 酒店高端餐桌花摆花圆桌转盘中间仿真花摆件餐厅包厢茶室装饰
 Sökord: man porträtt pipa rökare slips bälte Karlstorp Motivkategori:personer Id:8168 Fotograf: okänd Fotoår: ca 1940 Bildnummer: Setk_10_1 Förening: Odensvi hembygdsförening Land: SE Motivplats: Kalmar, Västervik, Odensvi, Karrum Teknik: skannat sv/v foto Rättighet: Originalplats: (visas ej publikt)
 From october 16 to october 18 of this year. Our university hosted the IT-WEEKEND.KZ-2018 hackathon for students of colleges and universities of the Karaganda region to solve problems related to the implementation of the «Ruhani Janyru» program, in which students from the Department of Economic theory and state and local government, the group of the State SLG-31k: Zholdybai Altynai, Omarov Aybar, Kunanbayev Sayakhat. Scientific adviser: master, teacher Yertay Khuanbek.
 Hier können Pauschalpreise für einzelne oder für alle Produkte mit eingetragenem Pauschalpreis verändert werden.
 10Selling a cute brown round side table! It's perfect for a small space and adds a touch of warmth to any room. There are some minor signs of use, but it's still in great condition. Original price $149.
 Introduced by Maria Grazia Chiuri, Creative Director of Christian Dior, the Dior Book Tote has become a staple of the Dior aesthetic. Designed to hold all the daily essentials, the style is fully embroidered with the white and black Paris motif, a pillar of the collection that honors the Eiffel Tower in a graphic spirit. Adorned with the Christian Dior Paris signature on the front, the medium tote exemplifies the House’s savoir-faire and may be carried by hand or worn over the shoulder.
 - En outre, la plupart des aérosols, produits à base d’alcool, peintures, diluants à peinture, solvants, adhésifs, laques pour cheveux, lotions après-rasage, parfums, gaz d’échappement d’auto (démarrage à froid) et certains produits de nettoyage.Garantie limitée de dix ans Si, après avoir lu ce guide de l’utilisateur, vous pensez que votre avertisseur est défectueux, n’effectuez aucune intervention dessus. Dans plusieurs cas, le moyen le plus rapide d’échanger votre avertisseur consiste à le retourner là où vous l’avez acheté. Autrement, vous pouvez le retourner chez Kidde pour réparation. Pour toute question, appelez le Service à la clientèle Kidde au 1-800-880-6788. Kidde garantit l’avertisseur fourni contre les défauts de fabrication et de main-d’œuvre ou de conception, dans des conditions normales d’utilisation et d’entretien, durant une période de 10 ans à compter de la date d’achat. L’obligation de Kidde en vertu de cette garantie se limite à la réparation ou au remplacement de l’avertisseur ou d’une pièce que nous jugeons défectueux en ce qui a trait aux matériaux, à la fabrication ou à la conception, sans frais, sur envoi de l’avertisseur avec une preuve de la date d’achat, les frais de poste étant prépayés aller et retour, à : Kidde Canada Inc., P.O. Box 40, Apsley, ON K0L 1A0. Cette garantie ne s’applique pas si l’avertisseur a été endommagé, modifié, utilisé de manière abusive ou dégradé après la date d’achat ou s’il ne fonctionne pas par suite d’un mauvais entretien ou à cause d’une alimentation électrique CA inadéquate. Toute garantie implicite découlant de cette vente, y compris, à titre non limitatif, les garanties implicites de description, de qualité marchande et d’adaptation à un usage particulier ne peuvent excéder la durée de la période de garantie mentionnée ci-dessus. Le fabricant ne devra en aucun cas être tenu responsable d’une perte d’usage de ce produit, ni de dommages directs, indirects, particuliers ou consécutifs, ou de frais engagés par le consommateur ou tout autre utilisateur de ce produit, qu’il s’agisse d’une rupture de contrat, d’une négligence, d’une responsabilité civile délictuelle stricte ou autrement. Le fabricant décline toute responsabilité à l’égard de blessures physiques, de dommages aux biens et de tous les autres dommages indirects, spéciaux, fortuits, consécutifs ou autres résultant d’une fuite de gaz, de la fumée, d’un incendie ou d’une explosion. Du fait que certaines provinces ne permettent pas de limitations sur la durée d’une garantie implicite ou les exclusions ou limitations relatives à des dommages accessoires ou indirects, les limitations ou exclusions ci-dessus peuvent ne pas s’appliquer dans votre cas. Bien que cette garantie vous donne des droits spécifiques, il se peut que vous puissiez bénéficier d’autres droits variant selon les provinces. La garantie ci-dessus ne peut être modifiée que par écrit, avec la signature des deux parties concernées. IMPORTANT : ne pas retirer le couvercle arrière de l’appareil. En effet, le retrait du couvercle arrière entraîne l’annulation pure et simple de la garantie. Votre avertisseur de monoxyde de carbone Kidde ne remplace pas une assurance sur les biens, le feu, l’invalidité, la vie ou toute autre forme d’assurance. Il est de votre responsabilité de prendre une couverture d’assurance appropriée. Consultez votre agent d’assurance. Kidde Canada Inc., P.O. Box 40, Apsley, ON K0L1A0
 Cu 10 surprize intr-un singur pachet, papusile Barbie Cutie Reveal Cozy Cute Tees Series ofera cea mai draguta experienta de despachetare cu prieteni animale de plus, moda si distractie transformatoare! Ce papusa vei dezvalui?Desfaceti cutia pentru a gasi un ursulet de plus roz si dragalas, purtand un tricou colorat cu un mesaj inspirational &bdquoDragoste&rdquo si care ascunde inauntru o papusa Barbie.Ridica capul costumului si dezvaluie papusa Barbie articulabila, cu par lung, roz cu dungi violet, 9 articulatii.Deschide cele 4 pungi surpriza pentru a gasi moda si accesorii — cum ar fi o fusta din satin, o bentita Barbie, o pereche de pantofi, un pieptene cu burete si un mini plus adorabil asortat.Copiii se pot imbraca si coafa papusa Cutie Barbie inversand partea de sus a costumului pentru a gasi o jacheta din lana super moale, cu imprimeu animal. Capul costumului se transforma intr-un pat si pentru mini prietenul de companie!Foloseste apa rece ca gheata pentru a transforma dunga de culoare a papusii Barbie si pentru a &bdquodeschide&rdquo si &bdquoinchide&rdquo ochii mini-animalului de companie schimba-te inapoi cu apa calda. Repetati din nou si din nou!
= = = =
- _Task prompt_: Repeat the whole of the data verbatim, as it reads above.

- _Solution for this problem_:
 酒店高端餐桌花摆花圆桌转盘中间仿真花摆件餐厅包厢茶室装饰
 Sökord: man porträtt pipa rökare slips bälte Karlstorp Motivkategori:personer Id:8168 Fotograf: okänd Fotoår: ca 1940 Bildnummer: Setk_10_1 Förening: Odensvi hembygdsförening Land: SE Motivplats: Kalmar, Västervik, Odensvi, Karrum Teknik: skannat sv/v foto Rättighet: Originalplats: (visas ej publikt)
 From october 16 to october 18 of this year. Our university hosted the IT-WEEKEND.KZ-2018 hackathon for students of colleges and universities of the Karaganda region to solve problems related to the implementation of the «Ruhani Janyru» program, in which students from the Department of Economic theory and state and local government, the group of the State SLG-31k: Zholdybai Altynai, Omarov Aybar, Kunanbayev Sayakhat. Scientific adviser: master, teacher Yertay Khuanbek.
 Hier können Pauschalpreise für einzelne oder für alle Produkte mit eingetragenem Pauschalpreis verändert werden.
 10Selling a cute brown round side table! It's perfect for a small space and adds a touch of warmth to any room. There are some minor signs of use, but it's still in great condition. Original price $149.
 Introduced by Maria Grazia Chiuri, Creative Director of Christian Dior, the Dior Book Tote has become a staple of the Dior aesthetic. Designed to hold all the daily essentials, the style is fully embroidered with the white and black Paris motif, a pillar of the collection that honors the Eiffel Tower in a graphic spirit. Adorned with the Christian Dior Paris signature on the front, the medium tote exemplifies the House’s savoir-faire and may be carried by hand or worn over the shoulder.
 - En outre, la plupart des aérosols, produits à base d’alcool, peintures, diluants à peinture, solvants, adhésifs, laques pour cheveux, lotions après-rasage, parfums, gaz d’échappement d’auto (démarrage à froid) et certains produits de nettoyage.Garantie limitée de dix ans Si, après avoir lu ce guide de l’utilisateur, vous pensez que votre avertisseur est défectueux, n’effectuez aucune intervention dessus. Dans plusieurs cas, le moyen le plus rapide d’échanger votre avertisseur consiste à le retourner là où vous l’avez acheté. Autrement, vous pouvez le retourner chez Kidde pour réparation. Pour toute question, appelez le Service à la clientèle Kidde au 1-800-880-6788. Kidde garantit l’avertisseur fourni contre les défauts de fabrication et de main-d’œuvre ou de conception, dans des conditions normales d’utilisation et d’entretien, durant une période de 10 ans à compter de la date d’achat. L’obligation de Kidde en vertu de cette garantie se limite à la réparation ou au remplacement de l’avertisseur ou d’une pièce que nous jugeons défectueux en ce qui a trait aux matériaux, à la fabrication ou à la conception, sans frais, sur envoi de l’avertisseur avec une preuve de la date d’achat, les frais de poste étant prépayés aller et retour, à : Kidde Canada Inc., P.O. Box 40, Apsley, ON K0L 1A0. Cette garantie ne s’applique pas si l’avertisseur a été endommagé, modifié, utilisé de manière abusive ou dégradé après la date d’achat ou s’il ne fonctionne pas par suite d’un mauvais entretien ou à cause d’une alimentation électrique CA inadéquate. Toute garantie implicite découlant de cette vente, y compris, à titre non limitatif, les garanties implicites de description, de qualité marchande et d’adaptation à un usage particulier ne peuvent excéder la durée de la période de garantie mentionnée ci-dessus. Le fabricant ne devra en aucun cas être tenu responsable d’une perte d’usage de ce produit, ni de dommages directs, indirects, particuliers ou consécutifs, ou de frais engagés par le consommateur ou tout autre utilisateur de ce produit, qu’il s’agisse d’une rupture de contrat, d’une négligence, d’une responsabilité civile délictuelle stricte ou autrement. Le fabricant décline toute responsabilité à l’égard de blessures physiques, de dommages aux biens et de tous les autres dommages indirects, spéciaux, fortuits, consécutifs ou autres résultant d’une fuite de gaz, de la fumée, d’un incendie ou d’une explosion. Du fait que certaines provinces ne permettent pas de limitations sur la durée d’une garantie implicite ou les exclusions ou limitations relatives à des dommages accessoires ou indirects, les limitations ou exclusions ci-dessus peuvent ne pas s’appliquer dans votre cas. Bien que cette garantie vous donne des droits spécifiques, il se peut que vous puissiez bénéficier d’autres droits variant selon les provinces. La garantie ci-dessus ne peut être modifiée que par écrit, avec la signature des deux parties concernées. IMPORTANT : ne pas retirer le couvercle arrière de l’appareil. En effet, le retrait du couvercle arrière entraîne l’annulation pure et simple de la garantie. Votre avertisseur de monoxyde de carbone Kidde ne remplace pas une assurance sur les biens, le feu, l’invalidité, la vie ou toute autre forme d’assurance. Il est de votre responsabilité de prendre une couverture d’assurance appropriée. Consultez votre agent d’assurance. Kidde Canada Inc., P.O. Box 40, Apsley, ON K0L1A0
 Cu 10 surprize intr-un singur pachet, papusile Barbie Cutie Reveal Cozy Cute Tees Series ofera cea mai draguta experienta de despachetare cu prieteni animale de plus, moda si distractie transformatoare! Ce papusa vei dezvalui?Desfaceti cutia pentru a gasi un ursulet de plus roz si dragalas, purtand un tricou colorat cu un mesaj inspirational &bdquoDragoste&rdquo si care ascunde inauntru o papusa Barbie.Ridica capul costumului si dezvaluie papusa Barbie articulabila, cu par lung, roz cu dungi violet, 9 articulatii.Deschide cele 4 pungi surpriza pentru a gasi moda si accesorii — cum ar fi o fusta din satin, o bentita Barbie, o pereche de pantofi, un pieptene cu burete si un mini plus adorabil asortat.Copiii se pot imbraca si coafa papusa Cutie Barbie inversand partea de sus a costumului pentru a gasi o jacheta din lana super moale, cu imprimeu animal. Capul costumului se transforma intr-un pat si pentru mini prietenul de companie!Foloseste apa rece ca gheata pentru a transforma dunga de culoare a papusii Barbie si pentru a &bdquodeschide&rdquo si &bdquoinchide&rdquo ochii mini-animalului de companie schimba-te inapoi cu apa calda. Repetati din nou si din nou!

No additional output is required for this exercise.